▶ [Exercise]: What you hand back must match the records word for word, with no pictures.

(Items from a dataset)
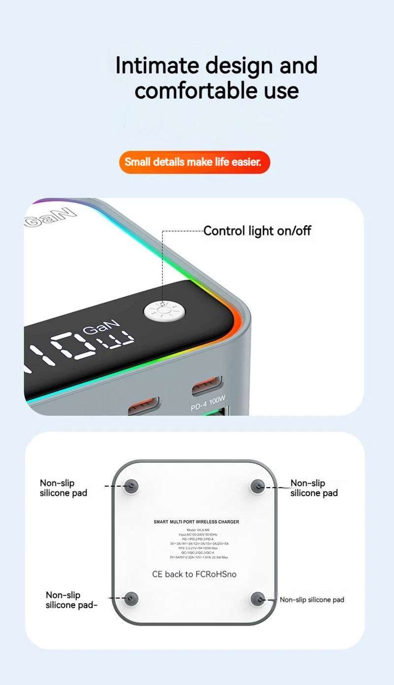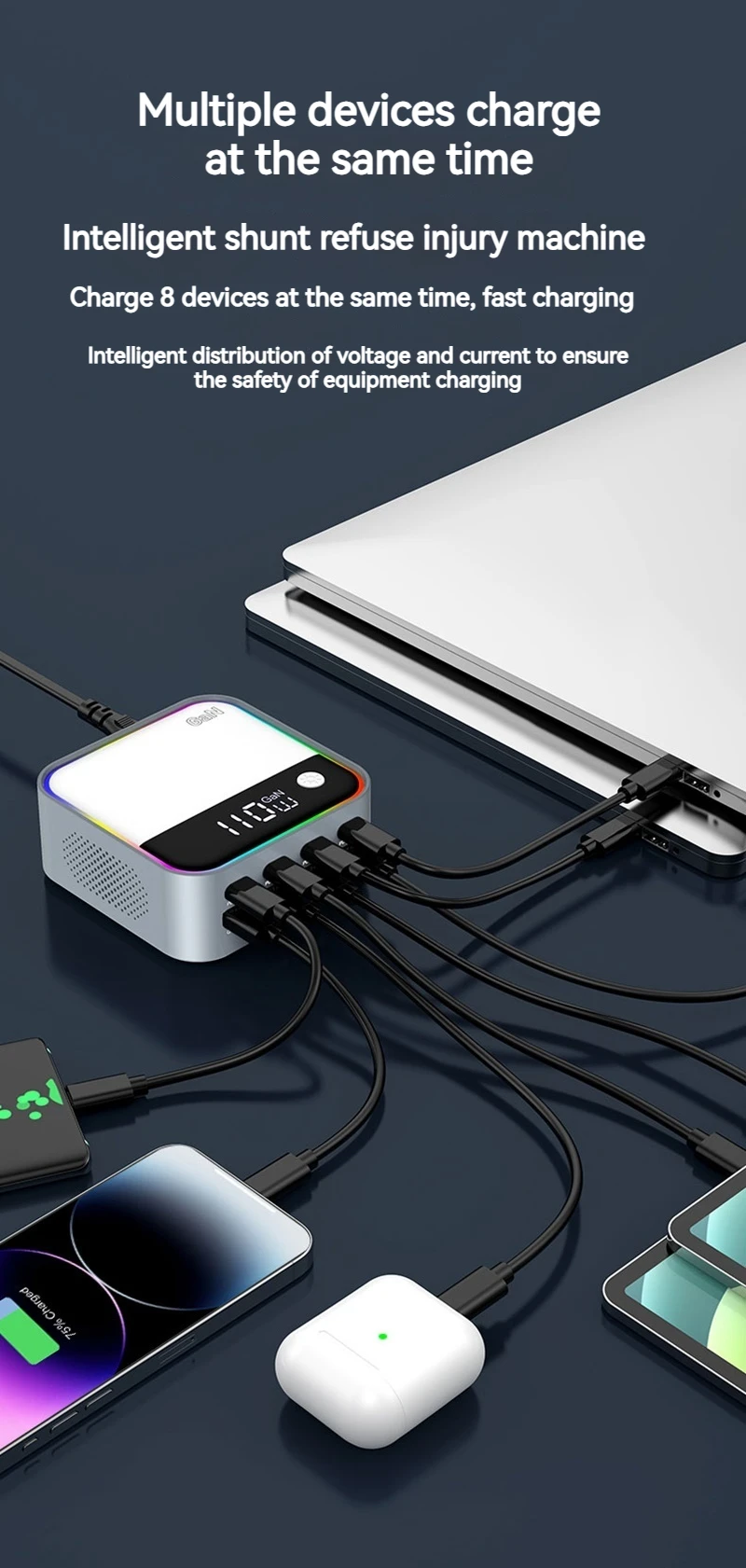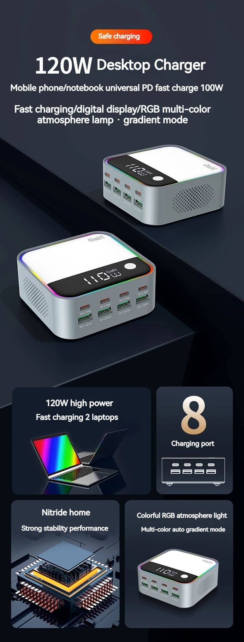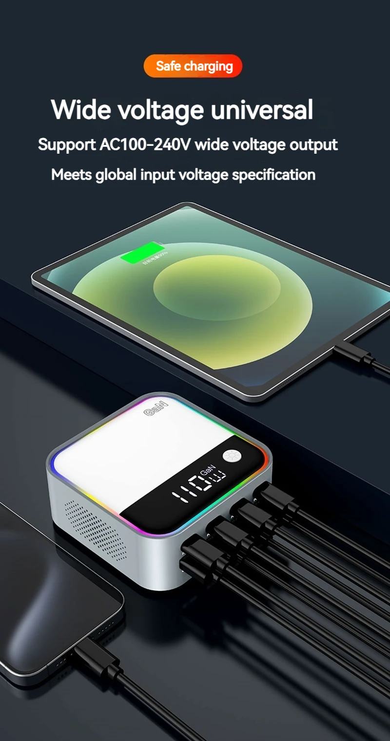 120W GAN Universal USB Type C Charger 8 Port QC3.0 PD 100W Charging Station For Macbook Pro Laptop Iphone 16 15 14 13 12 Samsung
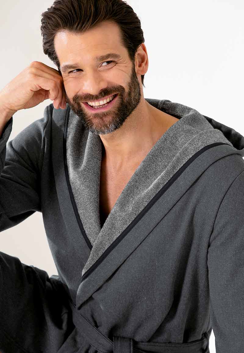 Voor wie van luxe houdt bieden wij je met trots deze Cawo herenbadjas antraciet met capuchon.
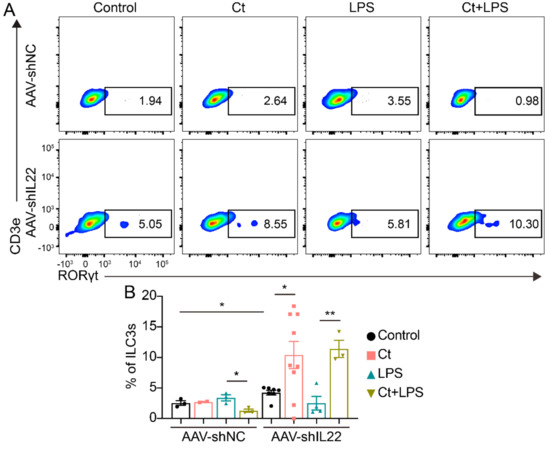 In AAV-shNC-treated mice, the proportion of ILC3 was decreased in mice pretreated with Ct compared with this in mice injected with LPS (p < 0.05, Figure 9). After knocking down IL-22, Ct enhanced the proportion of ILC3, compared with the control (p < 0.05). Moreover, the proportion of ILC3s was enhanced in mice pre-supplemented with Ct, compared with mice treated with LPS (p < 0.01, Figure 9).
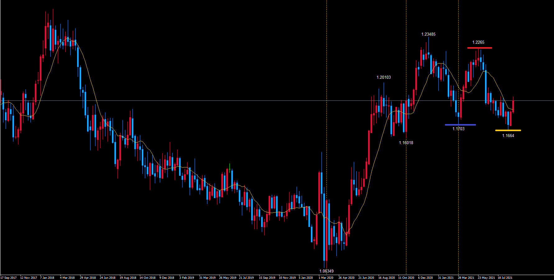 週足のサイクルも黄色のライン1.1664で底を付けて次のサイクルに入っている事も可能性として考えています。
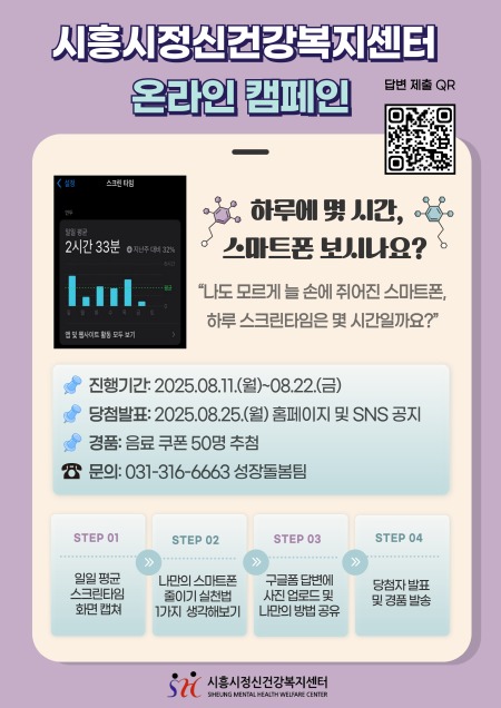 참여 방법은 ▲스마트폰 과의존 자가 점검표와 사용 습관 개선 방법을 담은 카드뉴스 확인 ▲참여자 본인의 일일 평균 ‘스크린타임’ 캡처 화면 제출 ▲본인만의 스마트폰 사용 줄이기 실천법 작성 순으로 진행된다. 참여 결과는 8월 25일 시흥시정신건강복지센터 누리집에서 발표된다.
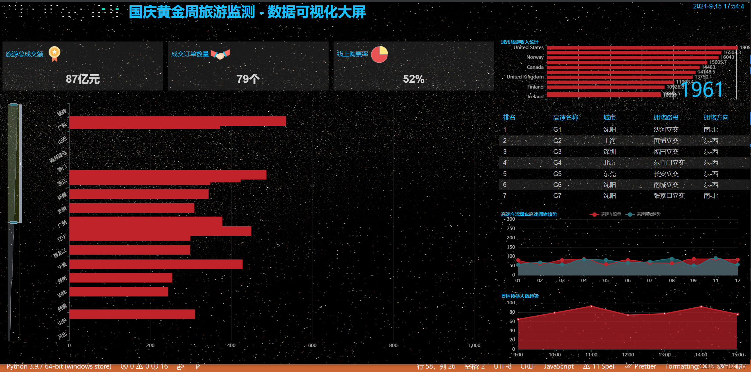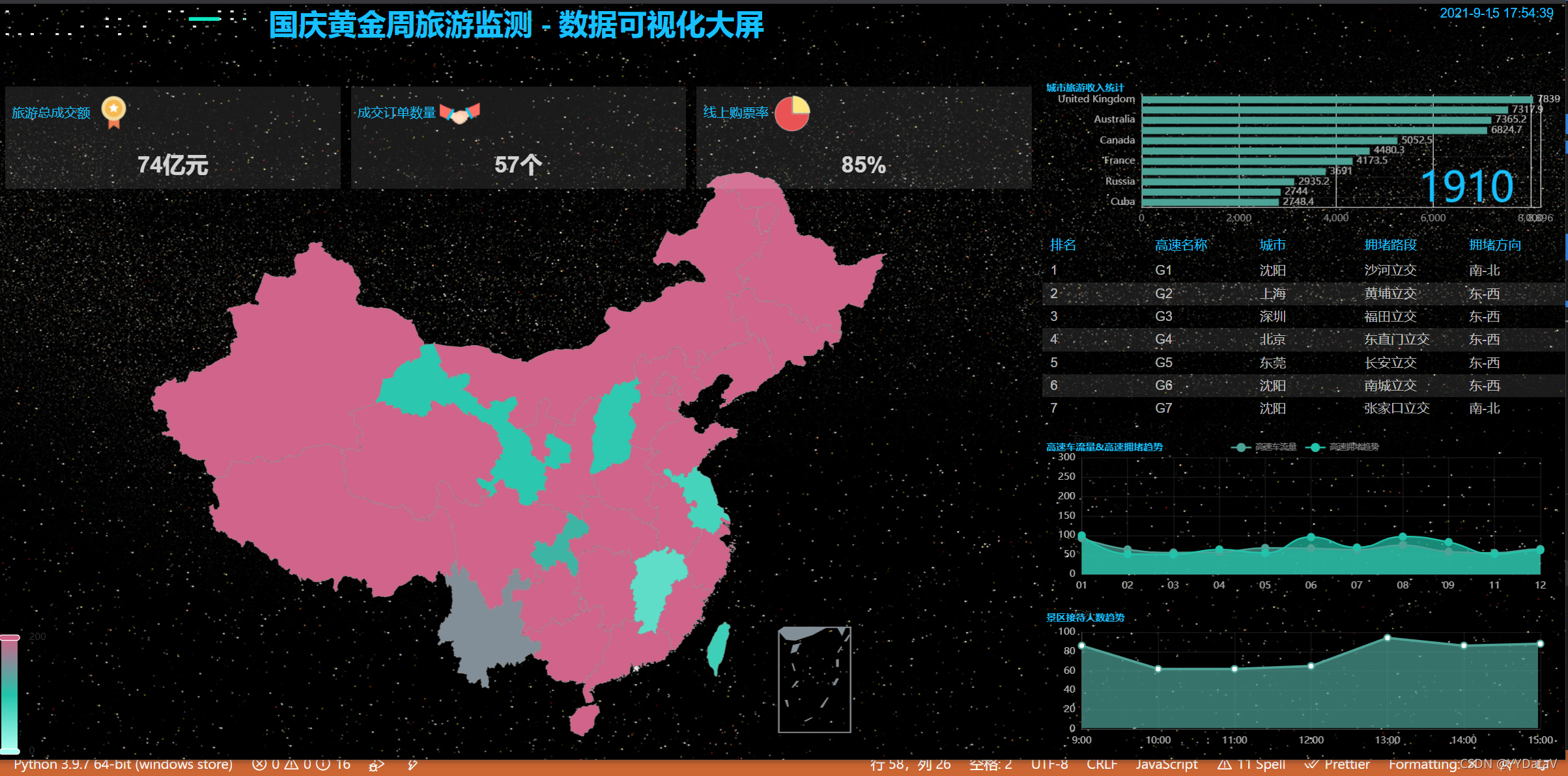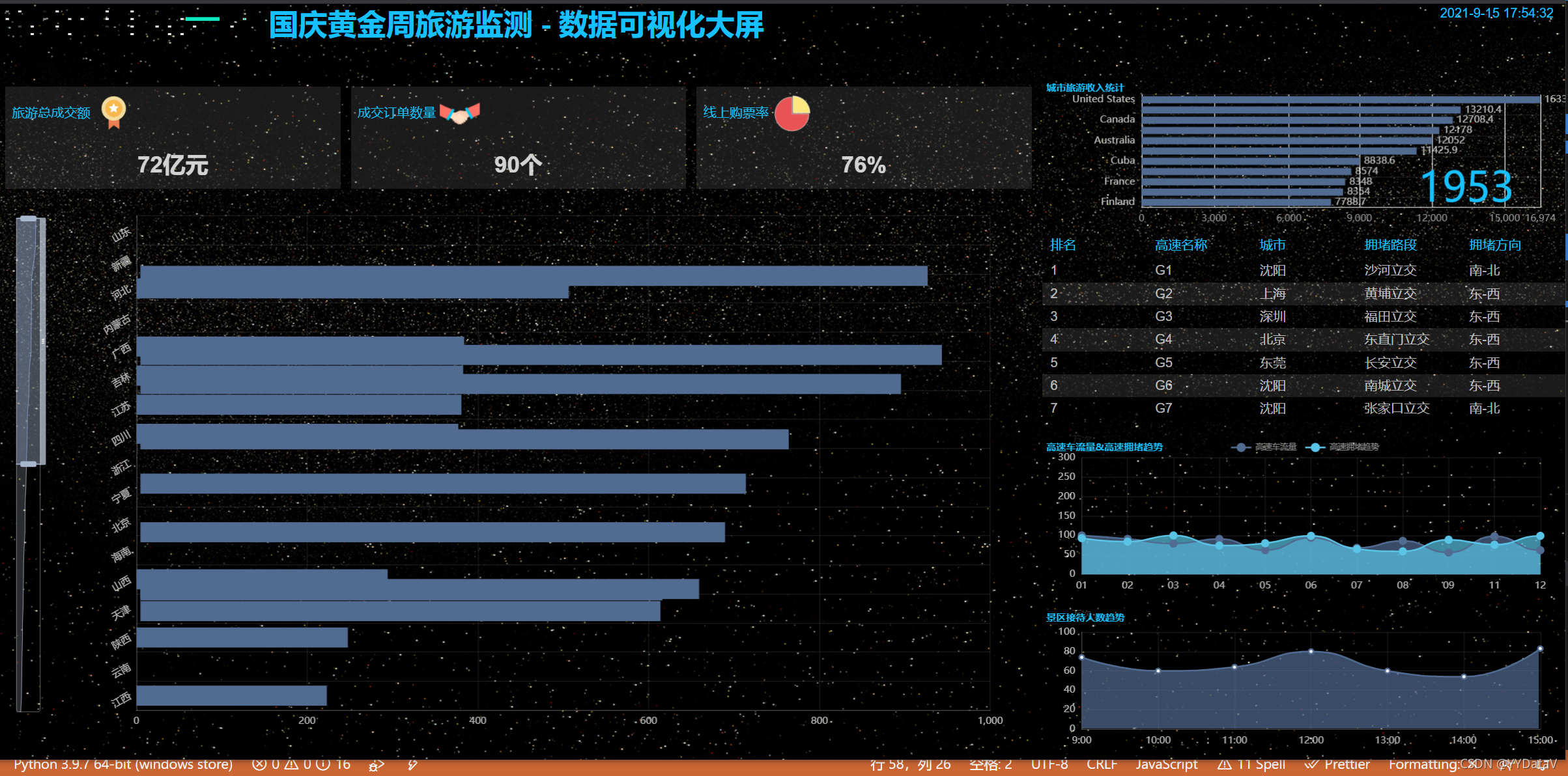 马上就要国庆黄金周了,小伙伴们是不是已经热血沸腾筹谋着去哪里玩一玩嗨一嗨,作为程序猿的我,脚步虽然还没走出去,但是 “酷炫吊炸天” 的霸道总裁大屏驾驶舱必须双手奉上,供大家参考交流。今天为大家分享的是 【国庆黄金周旅游监测 - 数据可视化大屏解决方案】。

▶ [Solution below]:
 120W GAN Universal USB Type C Charger 8 Port QC3.0 PD 100W Charging Station For Macbook Pro Laptop Iphone 16 15 14 13 12 Samsung
 Voor wie van luxe houdt bieden wij je met trots deze Cawo herenbadjas antraciet met capuchon.
 In AAV-shNC-treated mice, the proportion of ILC3 was decreased in mice pretreated with Ct compared with this in mice injected with LPS (p < 0.05, Figure 9). After knocking down IL-22, Ct enhanced the proportion of ILC3, compared with the control (p < 0.05). Moreover, the proportion of ILC3s was enhanced in mice pre-supplemented with Ct, compared with mice treated with LPS (p < 0.01, Figure 9).
 週足のサイクルも黄色のライン1.1664で底を付けて次のサイクルに入っている事も可能性として考えています。
 참여 방법은 ▲스마트폰 과의존 자가 점검표와 사용 습관 개선 방법을 담은 카드뉴스 확인 ▲참여자 본인의 일일 평균 ‘스크린타임’ 캡처 화면 제출 ▲본인만의 스마트폰 사용 줄이기 실천법 작성 순으로 진행된다. 참여 결과는 8월 25일 시흥시정신건강복지센터 누리집에서 발표된다.
 马上就要国庆黄金周了,小伙伴们是不是已经热血沸腾筹谋着去哪里玩一玩嗨一嗨,作为程序猿的我,脚步虽然还没走出去,但是 “酷炫吊炸天” 的霸道总裁大屏驾驶舱必须双手奉上,供大家参考交流。今天为大家分享的是 【国庆黄金周旅游监测 - 数据可视化大屏解决方案】。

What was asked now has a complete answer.